§ Activity
Set the pictures aside and return each record below precisely as written.
*** Opening of Information ***
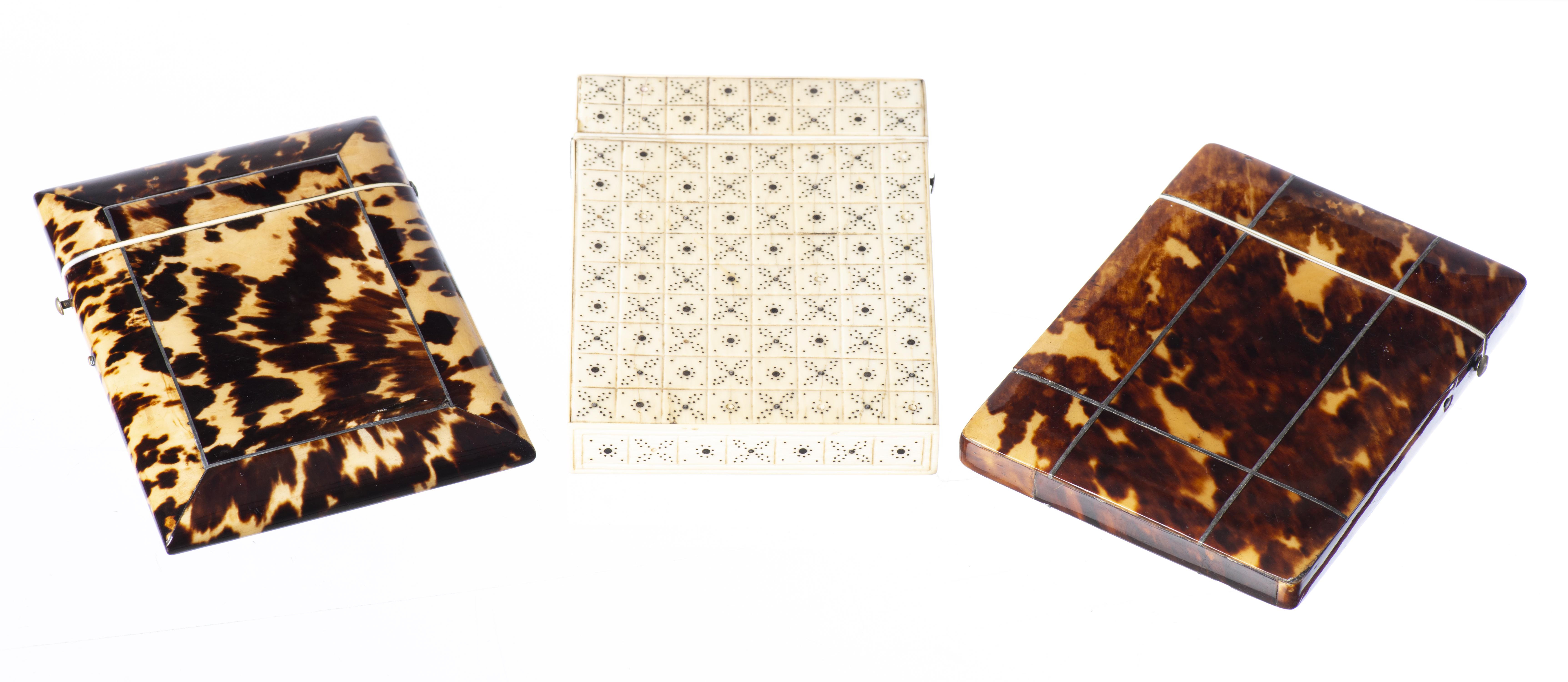 Ensemble de trois élégants porte-cartes en écaille de tortue et ivoire.
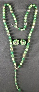 Vtg Green Faux Pearl Beaded Necklace Starfish Gold Tone Star Accent Earrings Set
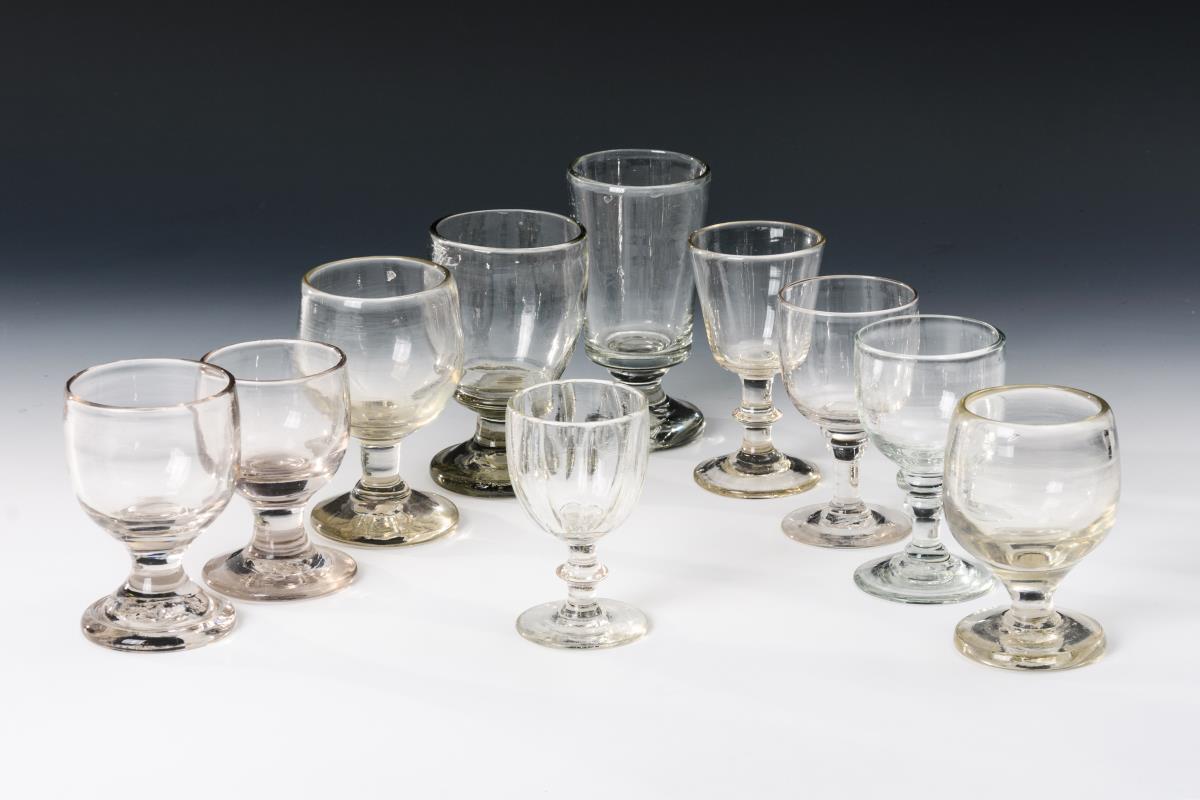 10 verschiedene Gläser. 1x Fuß bestoßen.
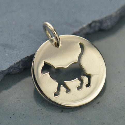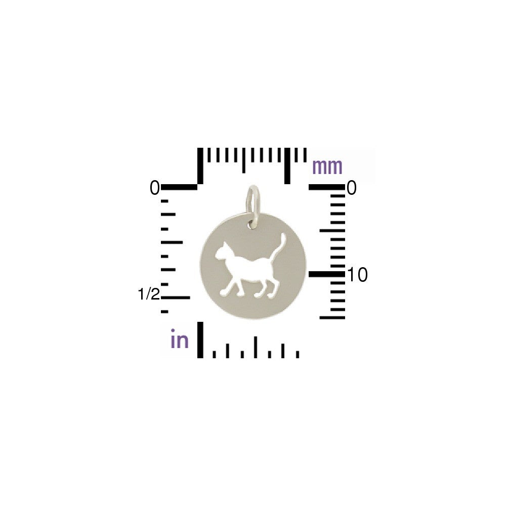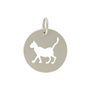 This sterling silver cat charm features a round disk with a cute kitty cutout.
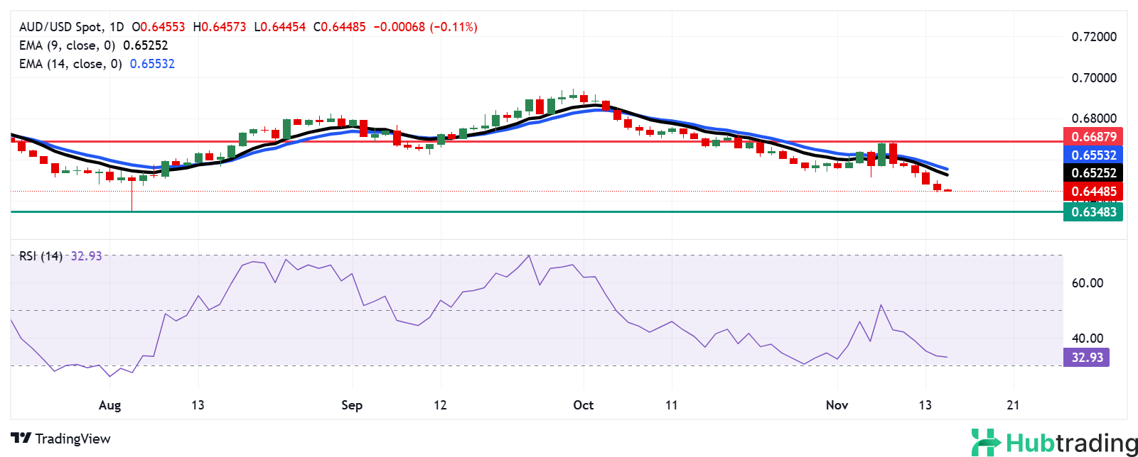 The AUD/USD pair trades near 0.6470 on Friday, facing short-term downward pressure while staying below the nine-day Exponential Moving Average (EMA). The 14-day Relative Strength Index (RSI) hovers slightly above 30, signaling potential oversold conditions.
*** Close of Information ***
§ Result of this task
 Ensemble de trois élégants porte-cartes en écaille de tortue et ivoire.
 Vtg Green Faux Pearl Beaded Necklace Starfish Gold Tone Star Accent Earrings Set
 10 verschiedene Gläser. 1x Fuß bestoßen.
 This sterling silver cat charm features a round disk with a cute kitty cutout.
 The AUD/USD pair trades near 0.6470 on Friday, facing short-term downward pressure while staying below the nine-day Exponential Moving Average (EMA). The 14-day Relative Strength Index (RSI) hovers slightly above 30, signaling potential oversold conditions.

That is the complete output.